Implicit threading libraries take care of much of the intricacies needed to create, manage, and (to some extent) synchronize threads. OpenMP is intended to be suitable for implementation on a broad range of SMP architectures, but it is not a new programming language. Rather, it is notations that can be added to a sequential program in FORTRAN, C, or C++ to describe how the work is to be shared among threads that will execute on different processors or cores and to order accesses to shared data as needed. The appropriate insertion of OpenMP features into a sequential program will allow many, perhaps most, applications to benefit from shared-memory parallel architectures, often with minimal modification to the code. In practice, many applications have considerable parallelism that can be exploited.

The success of OpenMP can be attributed to a number of factors. One is its strong emphasis on structured parallel programming. Another is that OpenMP is comparatively simple to use, since the burden of working out the details of the parallel program is up to the compiler. It has the major advantage of being widely adopted, so that an OpenMP application will run on many different platforms. But above all, OpenMP is timely. With the strong growth in deployment of both small and large SMPs and other multithreading hardware, the need for a shared-memory programming standard that is easy to learn and apply is accepted in the computing industry. This, in turn, means that all the major compilers--the Microsoft Visual C/C++ .NET for Windows and the GNU GCC compiler for Linux, and the Intel C/C++ compilers, for both Windows and Linux, also support OpenMP.

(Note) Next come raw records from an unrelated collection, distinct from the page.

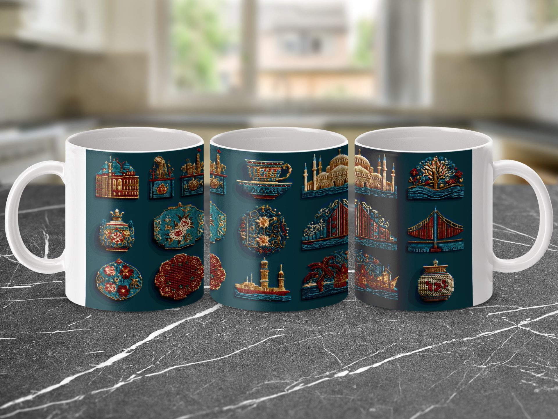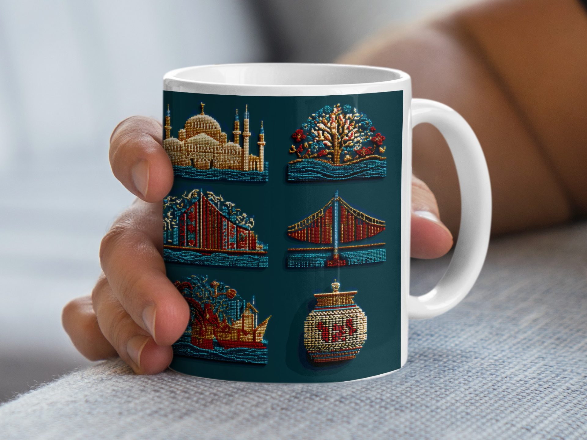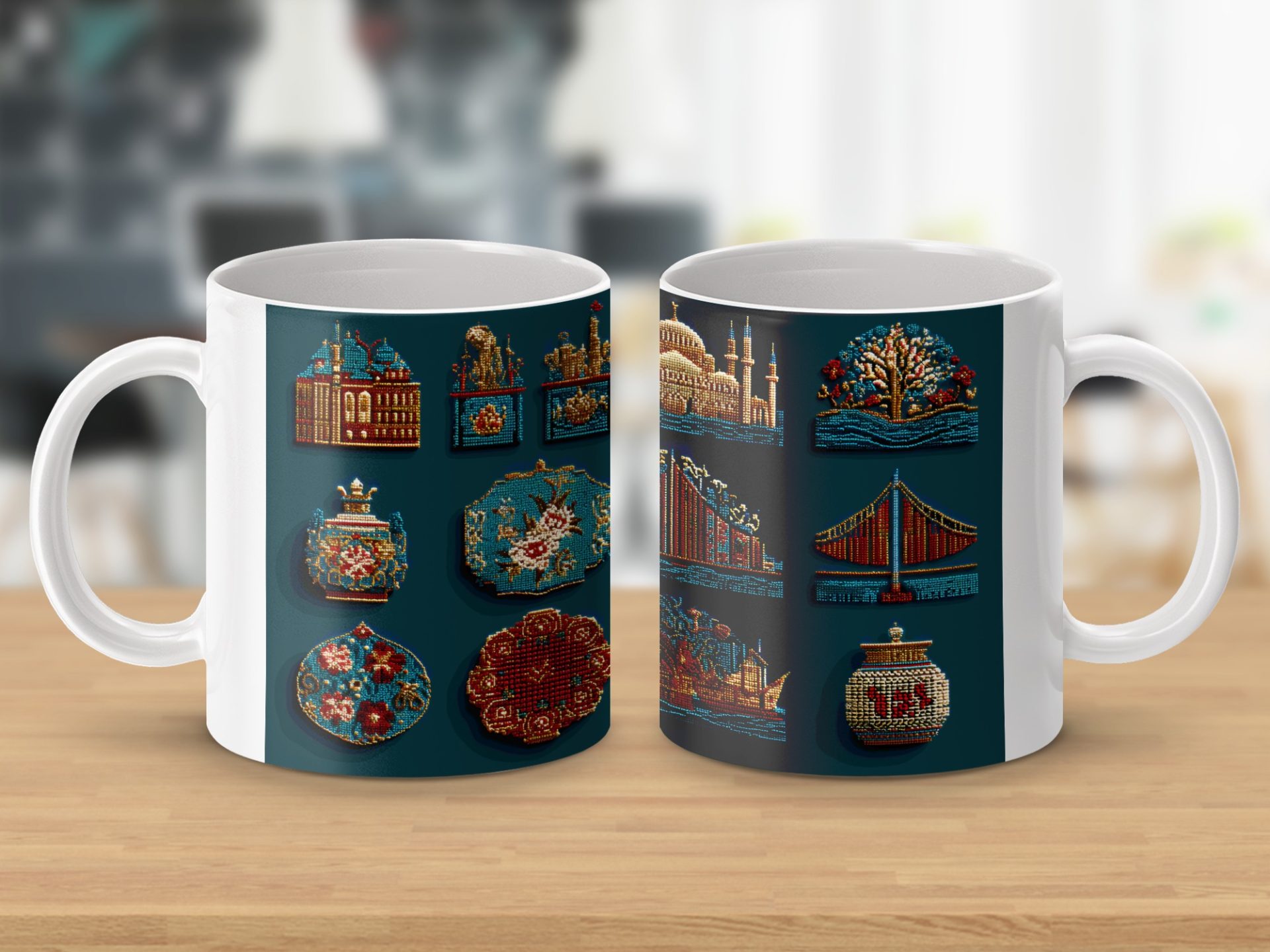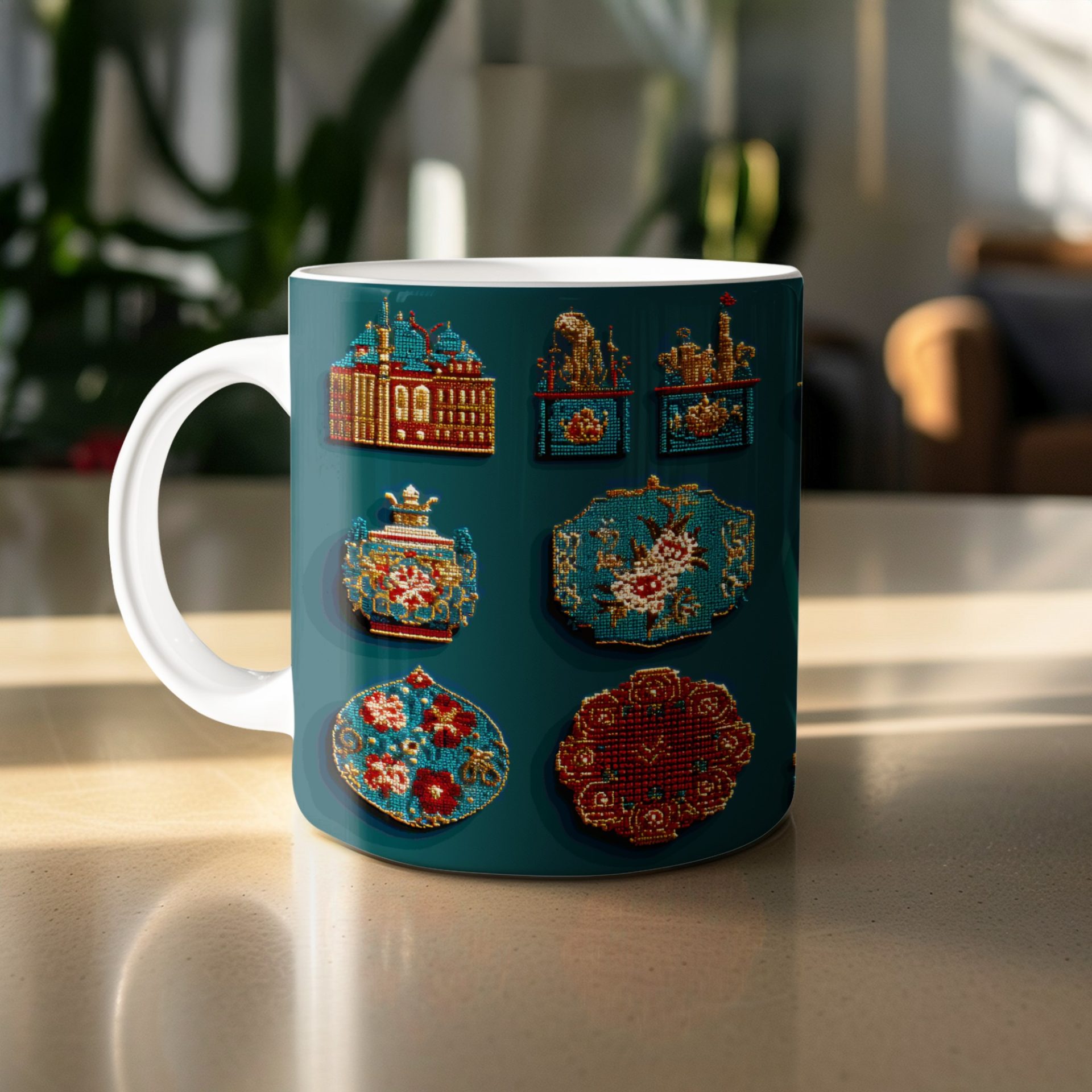 Discover unique mugs featuring vibrant beaded representations of iconic cultural landmarks and objects. Each mug captures the intricate details and artistry in a colorful design.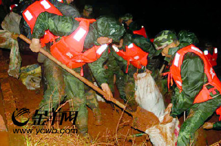 上图:湛江武警支队官兵冒雨支持雷州市抢修水毁工程。袁增伟 段东北 摄影报道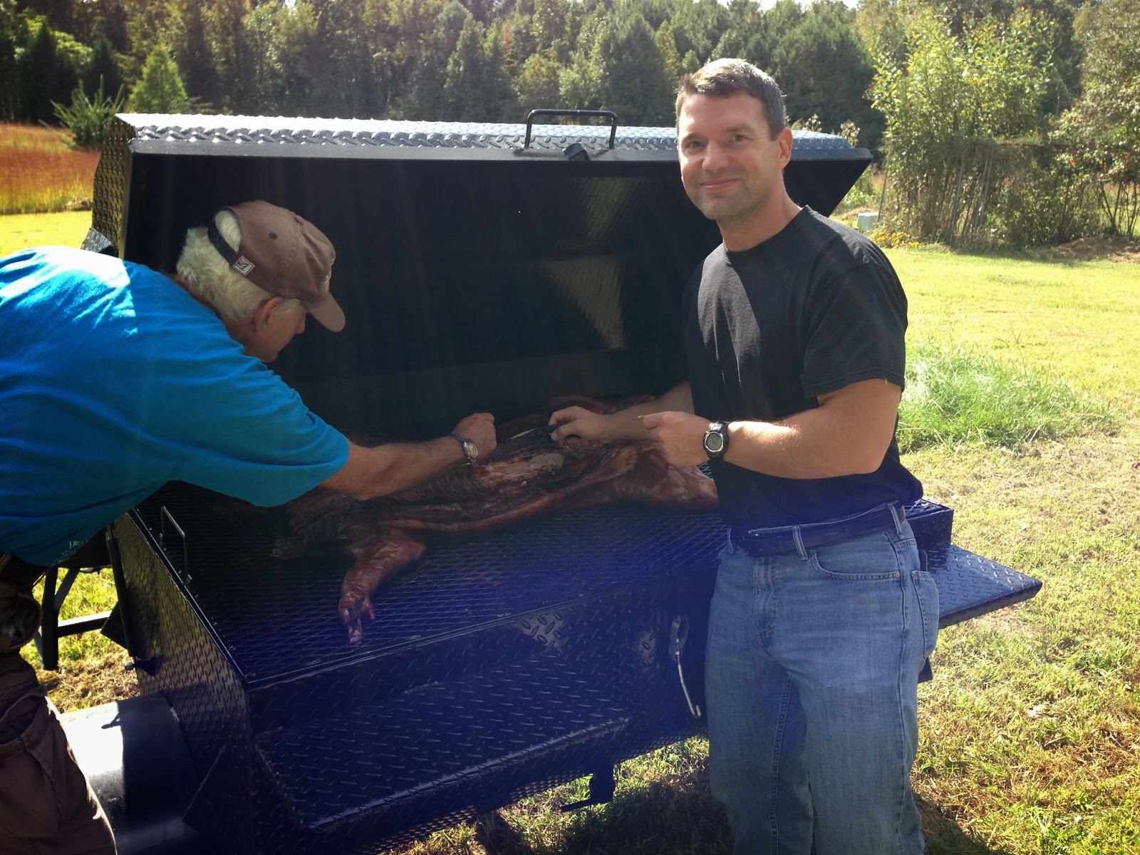 As the expression on Kyle's face suggests, he was a happy camper, as were the rest of us who had early tastes. Damn, that meat was good.

Some Basics about How OpenMP works

OpenMP directives demarcate code that can be executed in parallel (called parallel regions) and control how code is assigned to threads. The threads in an OpenMP code operate under the fork-join model. When the main thread encounters a parallel region while executing the application, a team of threads is forked off, and these threads begin executing the code within the parallel region. At the end of the parallel region, the threads within the team wait until all the other threads in the team have finished before being 'joined'. The main thread resumes serial execution with the statement following the parallel region. The implicit barrier at the end of all parallel regions (and most other constructs defined by OpenMP) preserves sequential consistency.

OpenMP's directives let the user tell the compiler which instructions to execute in parallel and how to distribute them among the threads that will run the code. An OpenMP directive is an instruction in a special format that is understood by OpenMP compilers only. In fact, it looks like a comment to a regular FORTRAN compiler or a pragma to a C/C++ compiler, so that the program may run just as it did beforehand if a compiler is not OpenMP-aware. The API does not have many different directives, but they are powerful when used effectively. So, stated crudely, OpenMP realizes a shared-memory (or shared address space) programming model. This model assumes, as its name implies, that programs will be executed on one or more processors that share some or all of the available memory. Shared-memory programs are typically executed by multiple independent threads (execution states that are able to process an instruction stream); the threads share data, but may also have some additional, private data.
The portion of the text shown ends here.